[Opening DATASET section]
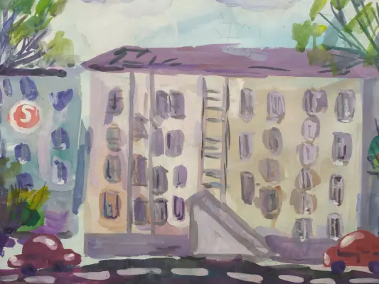 На картине я нарисовала свой дом на ул. Авиамоторной, мне нравятся наши дома, здесь уютно и очень красиво, много зелени во дворах. Я люблю свой район.
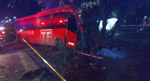 El conductor de un camión de pasajeros murió anoche tras chocar contra árboles en el camellón central de la Carretera Nacional, en Montemorelos, Nuevo León. Tres de los pasajeros resultaron lesionados.
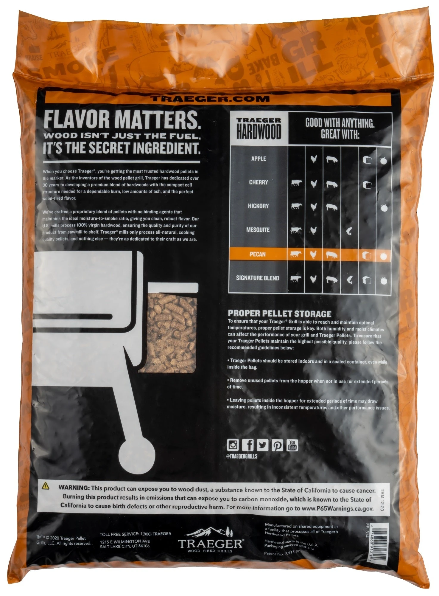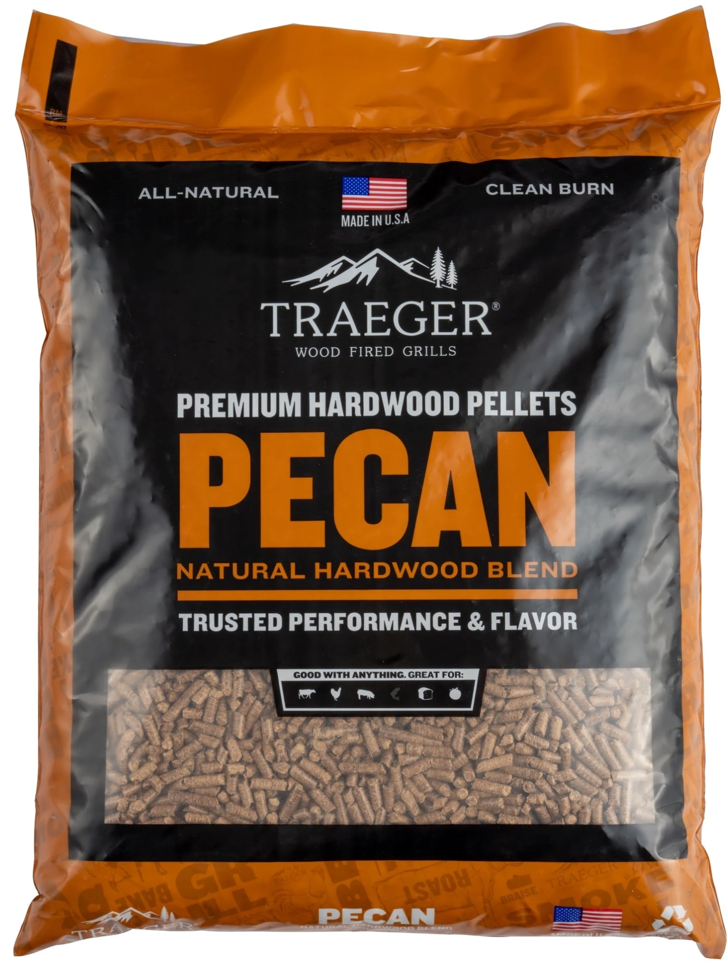 Our expertly crafted, all-natural Pecan Hardwood Pellets from Traeger burn slow and steady every time. The Traeger moisture to smoke ratio stays at 5% (aka, the sweet spot), which means your food gets a thick and even lick of flavorful smoke. This fuel is the right choice for naturally augmenting food with sweet, spicy, assertive flavor.
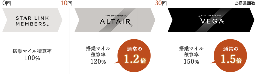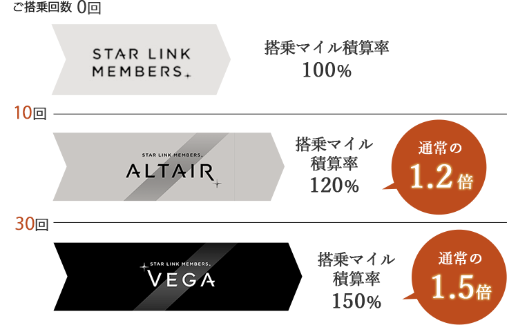 会員ステイタスがより身近に。搭乗する度にステイタスに応じたボーナスマイルを付与や様々なサービスをご提供します。
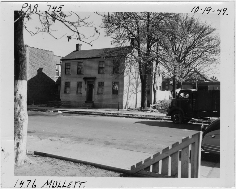 View of two-story side-gabled wooden-frame house located at 1476 Mullett, parcel 745, in the area bounded by Hastings/Dequindre/Clinton/Mullett. Truck parked in street. Handwritten on front: "Par. 745, 1476 Mullett, 10-19-49."
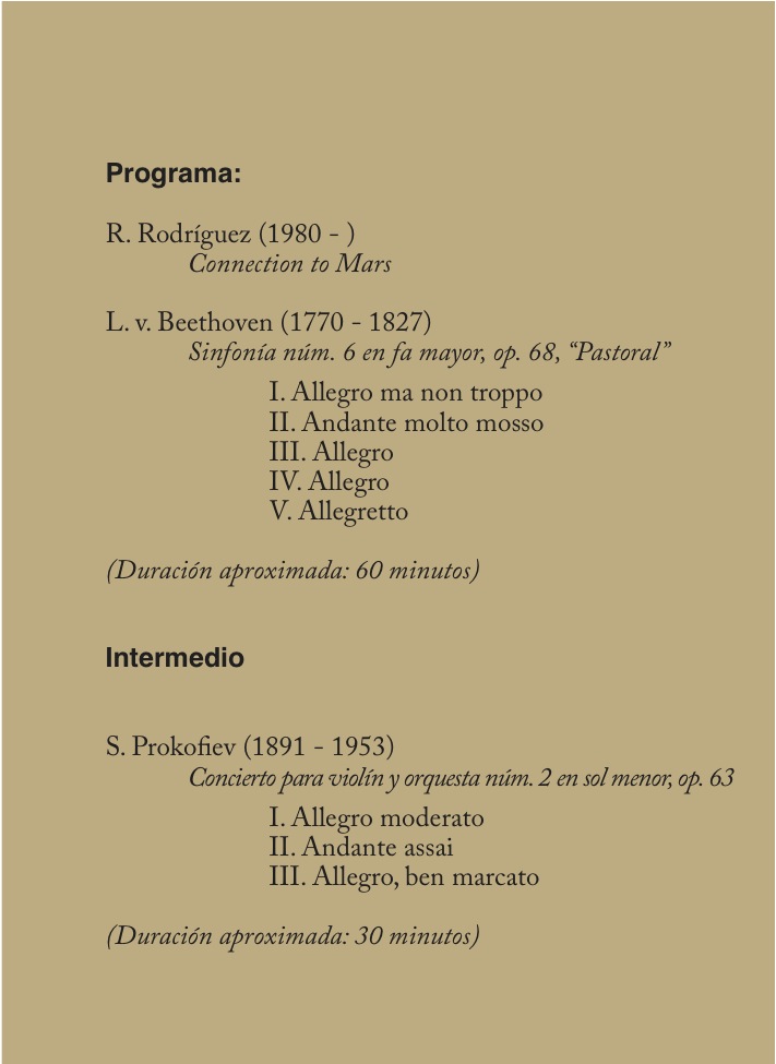 Es de agradecer escuchar la poco habitual obertura de Las criaturas de Prometeo, op. 43, que pone a prueba a cualquier orquesta y así parecieron tomárselo, «calentando dedos» toda la cuerda en un inicio impetuoso e inseguro donde se vio claramente que el objetivo primordial estaba en cuidar las sonoridades. Buen balance en todas las secciones de la formación asturiana pero sin la garra esperada para un Beethoven al que se le supone esa carga emocional llena de contrastes en esta obra de 1801 aún clásica en factura pero ya con el sello del genio de Bonn y cercana a la sinfonía que cerraría el concierto.
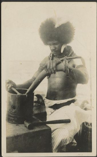 [Native boy, working on a large piston from an engine, the connecting rod is being held and he is tightening/loosening the gudgeon pin with a shifting spanner, Port Moresby, about 1925] GibsonNational Library of AustraliaImage Papua New Guinea Online
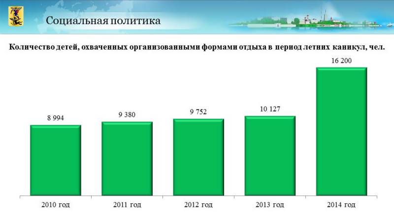Организованными формами отдыха в период летних каникул 2014 года было охвачено 16200 детей, что составляет 45% от числа детей школьного возраста или в 1,6 раза больше чем в 2013 году.
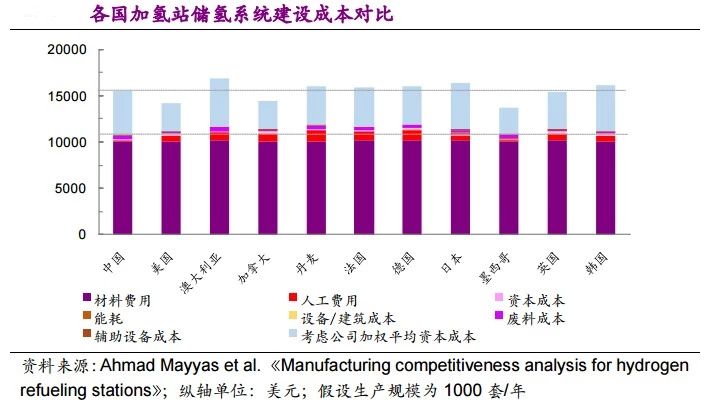 (3)我國加氫站儲氫系統(tǒng)的建設(shè)成本優(yōu)勢仍來自于中國低廉的勞動力成本。
[Closing DATASET section]
### [WHAT TO DO]
Each record above should be returned unchanged, except that the pictures are dropped.

### [RESULT BELOW]
 На картине я нарисовала свой дом на ул. Авиамоторной, мне нравятся наши дома, здесь уютно и очень красиво, много зелени во дворах. Я люблю свой район.
 El conductor de un camión de pasajeros murió anoche tras chocar contra árboles en el camellón central de la Carretera Nacional, en Montemorelos, Nuevo León. Tres de los pasajeros resultaron lesionados.
 Our expertly crafted, all-natural Pecan Hardwood Pellets from Traeger burn slow and steady every time. The Traeger moisture to smoke ratio stays at 5% (aka, the sweet spot), which means your food gets a thick and even lick of flavorful smoke. This fuel is the right choice for naturally augmenting food with sweet, spicy, assertive flavor.
 会員ステイタスがより身近に。搭乗する度にステイタスに応じたボーナスマイルを付与や様々なサービスをご提供します。
 View of two-story side-gabled wooden-frame house located at 1476 Mullett, parcel 745, in the area bounded by Hastings/Dequindre/Clinton/Mullett. Truck parked in street. Handwritten on front: "Par. 745, 1476 Mullett, 10-19-49."
 Es de agradecer escuchar la poco habitual obertura de Las criaturas de Prometeo, op. 43, que pone a prueba a cualquier orquesta y así parecieron tomárselo, «calentando dedos» toda la cuerda en un inicio impetuoso e inseguro donde se vio claramente que el objetivo primordial estaba en cuidar las sonoridades. Buen balance en todas las secciones de la formación asturiana pero sin la garra esperada para un Beethoven al que se le supone esa carga emocional llena de contrastes en esta obra de 1801 aún clásica en factura pero ya con el sello del genio de Bonn y cercana a la sinfonía que cerraría el concierto.
 [Native boy, working on a large piston from an engine, the connecting rod is being held and he is tightening/loosening the gudgeon pin with a shifting spanner, Port Moresby, about 1925] GibsonNational Library of AustraliaImage Papua New Guinea Online
Организованными формами отдыха в период летних каникул 2014 года было охвачено 16200 детей, что составляет 45% от числа детей школьного возраста или в 1,6 раза больше чем в 2013 году.
 (3)我國加氫站儲氫系統(tǒng)的建設(shè)成本優(yōu)勢仍來自于中國低廉的勞動力成本。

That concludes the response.